作曲少女~平凡な私が14日間で曲を作れるようになった話~

『作曲少女~平凡な私が14日間で曲を作れるようになった話~』感想と解説やります!

「理論書など Go to Hell! なのです。

 

『作曲少女~平凡な私が14日間で曲を作れるようになった話~』(仰木日向著、2016年7月10日発売)購入しました! 帯にある「作曲入門ライトノベル」らしく軽めで読みやすい文章ながら、物語はかなり重厚な How to 本。かたや初心者、かたや天才作曲家。
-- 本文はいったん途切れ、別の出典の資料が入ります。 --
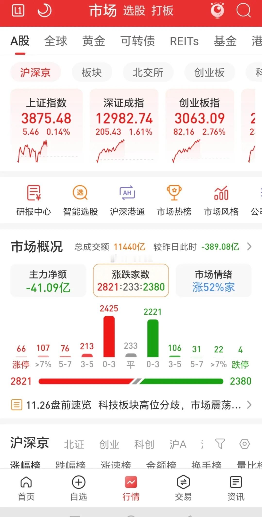 早盘三大指数低开高走,收阳,市场涨多跌少,缩量近400亿,涨跌比7:6,市场情绪中性乐观!盘面上,沪弱深强,最多缩量近700亿,也就是有少量资金进场开启做多模式。沪市是震荡攀升,深市单边上涨,为啥?因为深市日线调整基本到位,沪市还早的很,所以沪市接下来会弱于深市,因为沪市要震荡磨底,深市要反弹!持股待涨就行!
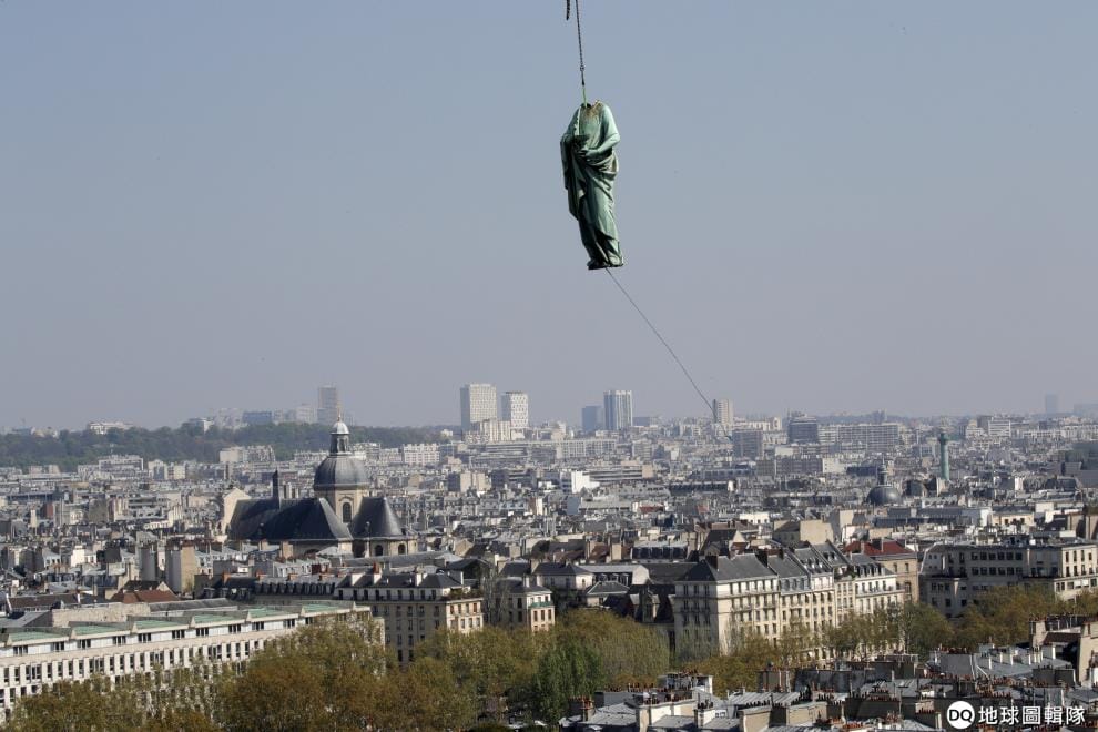 11號這天,為了修復巴黎聖母院的尖塔,工作人員先將塔上的聖人像用吊臂取下,結果就出現了這幅引人注目的畫面。

この二人の女子高生のやりとりをメインに“作曲の過程”が解説されます。

この『作曲少女』、How to 本によくあるような「読みやすさのためだけに登場人物が用意されている」ような本ではない点がユニー。二人の悩みや過去、日常がちゃんと描かれています。小説のレベルで。テーマのためにストーリーやキャラクターを急ごしらえしたわけではない内容が好印象でした。ラストの一章を読むときは一抹の寂しさも感じましたね(もう終わりか~って)。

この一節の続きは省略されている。